Task objective: Pictures do not belong in your copy. Repeat all the other data exactly.

-- Data for the task follows --

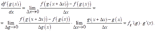 Аналогично найдем значения функции f (g (x + D x)) и f (g (x)). Тогда
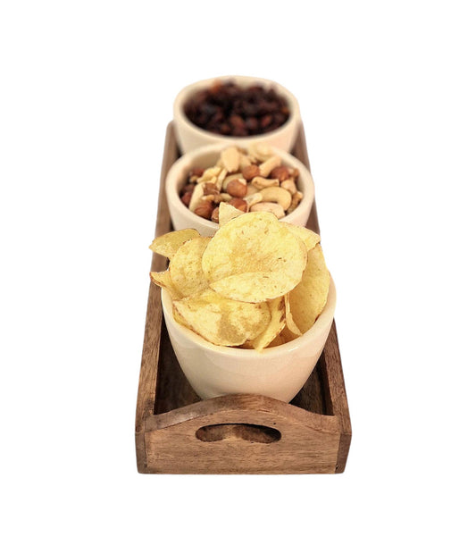 3 Ceramic Snack Bowls with Mango Wood Tray for Nibbles & Appetizers
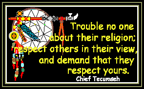 The corner stone of their belief was the Medicine Wheel or what others refer to as the "Circle of Life". Everything and everyone is connected in some way and we all go through the circle of life. Animals and plants provide us with nourishment. Trees provide us with shelter. Eventually we return to the earth to provide nourishment for all of them. When we harm the earth and water, hunt animals to extinction, we are only hurting ourselves and showing disrespect for what God created for us. Native Americans have a saying "I walk in Beauty". What they mean is that all of God's creations are beautiful and we should appreciate it's beauty and when we do, we walk among beauty. We spend so much time admiring great works of art by artists, sculptors, architects, etc.; but the greatest masterpiece of all, God's Creation, we do not even appreciate. Instead, we are stripping the earth, poisoning our waters, hunting animals to extinction, cutting down forests, etc. Is this how we honor God and all that he gave us?
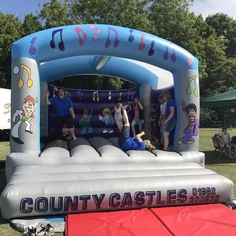 Adult & Kids Bouncy Castle in a Disco Theme. This is a relatively big castle so will accommodate a larger number of people than most castles. Great for large gardens and indoor hall hirings.
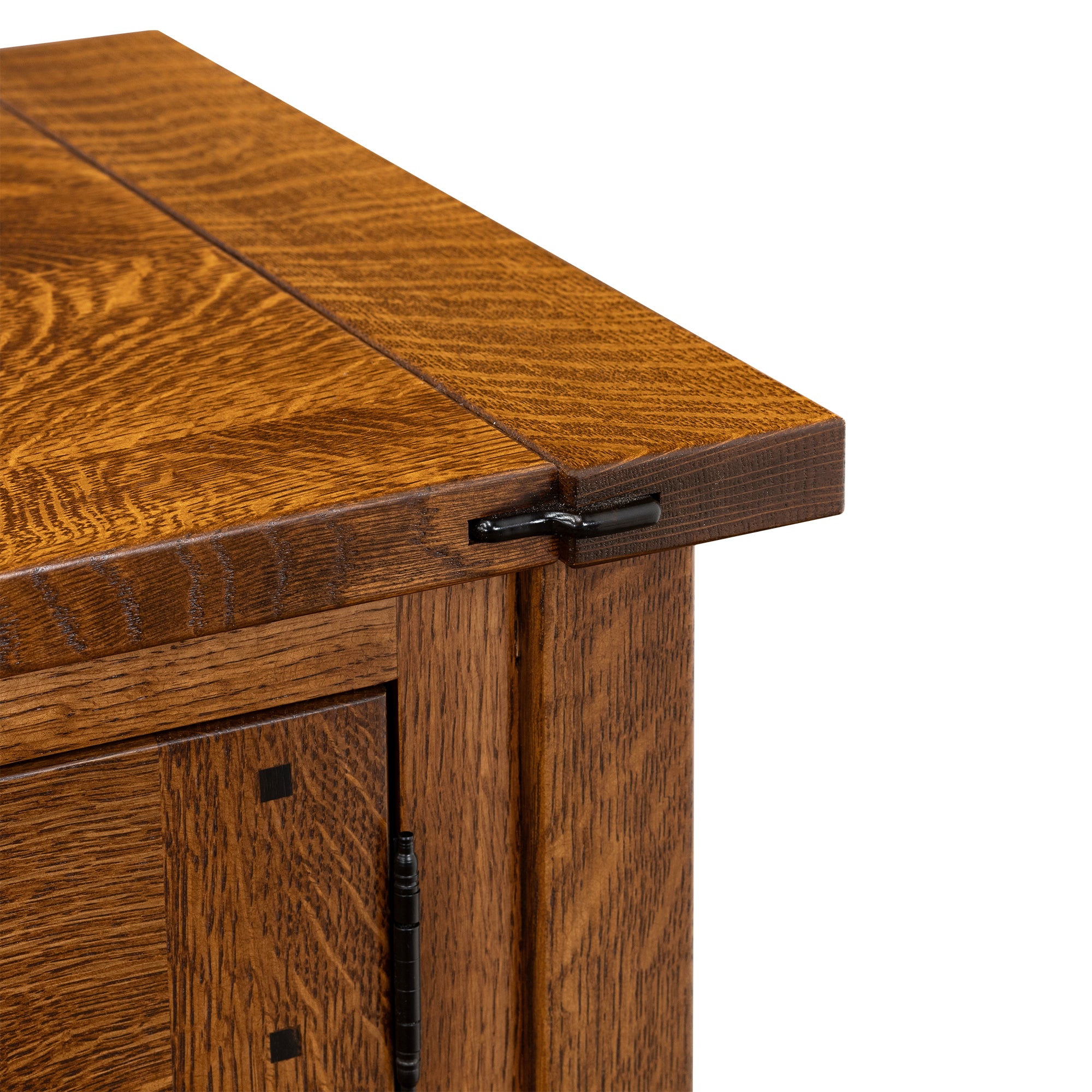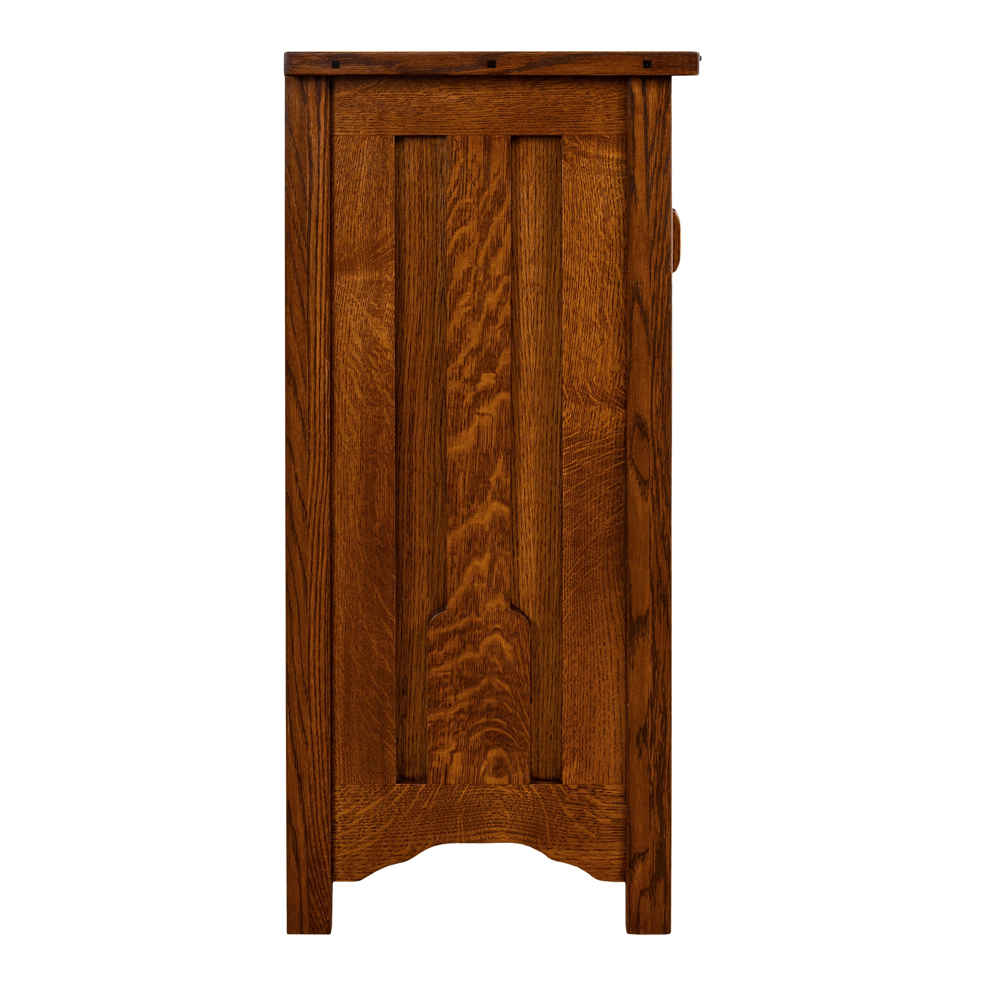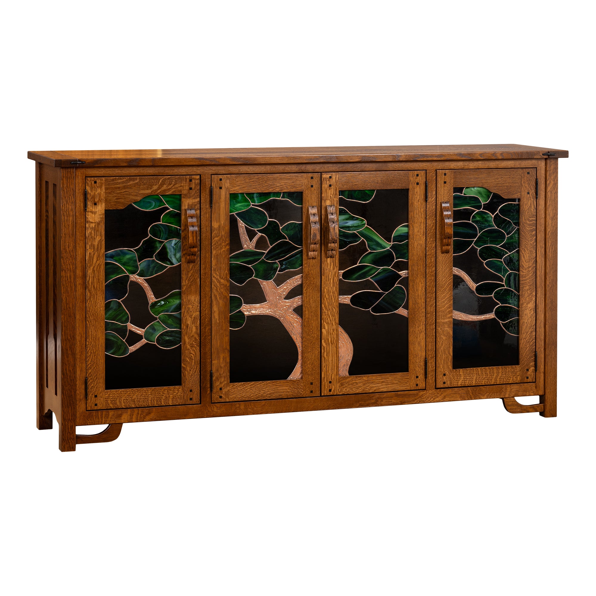 This absolutely gorgeous Greene & Greene Bookcase is something to behold. It's stunningly beautiful and made by Amish craftsman with honed expertise in building furniture. As shown, it is made out of solid Cherry wood that is individually hand-pick to build this TV Stand. In addition, it's adorned with ebony splines and the glass with the famous Tree of Life. This detail is indicative of the Greene & Greene style. Even without the familiarity of this style, you can still appreciate and admire this lovely piece of furniture in your living room.

-- Data for the task concluded --

Exercise answer:
 Аналогично найдем значения функции f (g (x + D x)) и f (g (x)). Тогда
 3 Ceramic Snack Bowls with Mango Wood Tray for Nibbles & Appetizers
 The corner stone of their belief was the Medicine Wheel or what others refer to as the "Circle of Life". Everything and everyone is connected in some way and we all go through the circle of life. Animals and plants provide us with nourishment. Trees provide us with shelter. Eventually we return to the earth to provide nourishment for all of them. When we harm the earth and water, hunt animals to extinction, we are only hurting ourselves and showing disrespect for what God created for us. Native Americans have a saying "I walk in Beauty". What they mean is that all of God's creations are beautiful and we should appreciate it's beauty and when we do, we walk among beauty. We spend so much time admiring great works of art by artists, sculptors, architects, etc.; but the greatest masterpiece of all, God's Creation, we do not even appreciate. Instead, we are stripping the earth, poisoning our waters, hunting animals to extinction, cutting down forests, etc. Is this how we honor God and all that he gave us?
 Adult & Kids Bouncy Castle in a Disco Theme. This is a relatively big castle so will accommodate a larger number of people than most castles. Great for large gardens and indoor hall hirings.
 This absolutely gorgeous Greene & Greene Bookcase is something to behold. It's stunningly beautiful and made by Amish craftsman with honed expertise in building furniture. As shown, it is made out of solid Cherry wood that is individually hand-pick to build this TV Stand. In addition, it's adorned with ebony splines and the glass with the famous Tree of Life. This detail is indicative of the Greene & Greene style. Even without the familiarity of this style, you can still appreciate and admire this lovely piece of furniture in your living room.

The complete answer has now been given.